If there is a signal symbol that conjures up memories and even to a great extent stands for our generation it is the ‘peace sign.’ Many would be surprised that the country that gave us the Beatles also birthed the symbol that we put around our necks, drew on high school notebooks, and sprayed on walls in the 1960s.
To political activists in the United States it symbol called for an end to the Vietnam war, but to a much broader spectrum of us it conjured up a more emotional peace with ourselves that came from breaking from what we saw as the uptight generation of our progenitors.
To designer and WWII conscientious objector, Gerald Holtom, who first drew the symbol it was a sign of objection to nuclear weapons, sort of a ‘ban the bomb’ icon. He designed it for once specific occasion: a 50 mile protest march from London’s Trafalgar Square to a weapons factory at Aldermaston. The march was organised by the Direct Action Committee Against Nuclear War (DAC) and the Campaign for Nuclear Disarmament (CND) joined in.
Like many symbols it is modification of existing images and filled with new meaning. Holtom rendered two navy semaphore codes
for N and
for D
to line drawings and placed them over each other to form the symbol:

The codes N and D, in Holtom’s mind, stood for Nuclear Disarmament.
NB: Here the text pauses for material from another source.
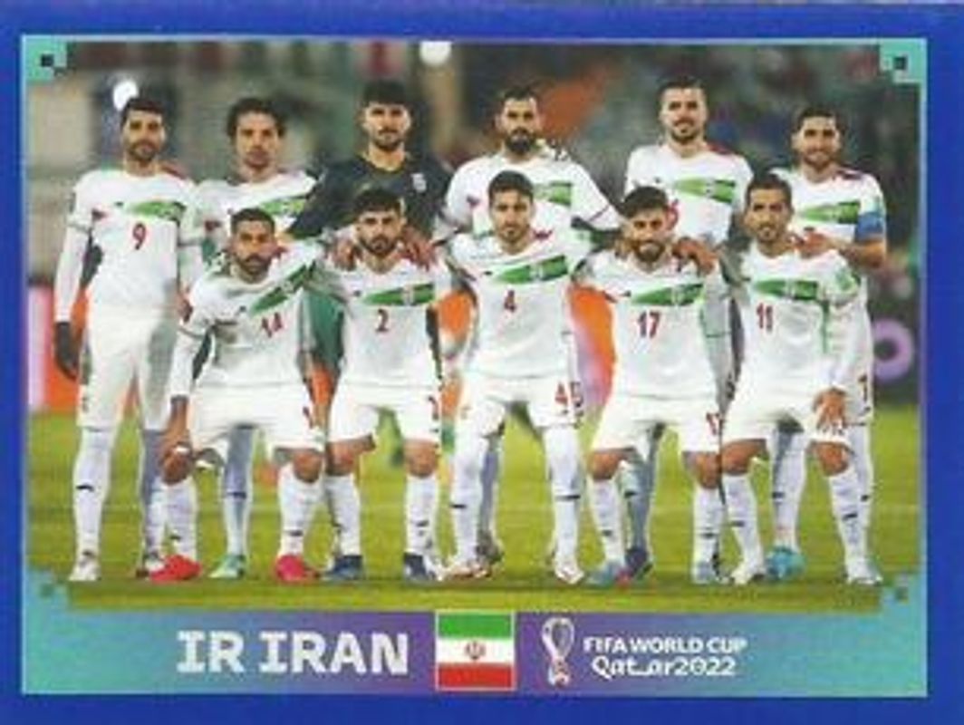 The Team 2022 Panini World Cup Stickers #IRN1 Blue (1:2) card is 1 of 224 Team's card variations in the 2022 Panini World Cup Stickers set being tracked by Sports Card Investor, including #ARG1 Base, #WAL1 Base, #USA1 Base, #URU1 Base, and #TUN1 Base.

His original drawing is housed in the Peace Museum, U.K. in Bradford, England.
60′s activists and flower children were not the only United States citizens to employ the peace symbol, but in Vietnam US troops who identified with them also dawn the symbol. Some of our troops in Baghdad brandish the symbol today.

Gerald Holtom died on September 18, 1985 at the age of 71, but the symbol he designed remains.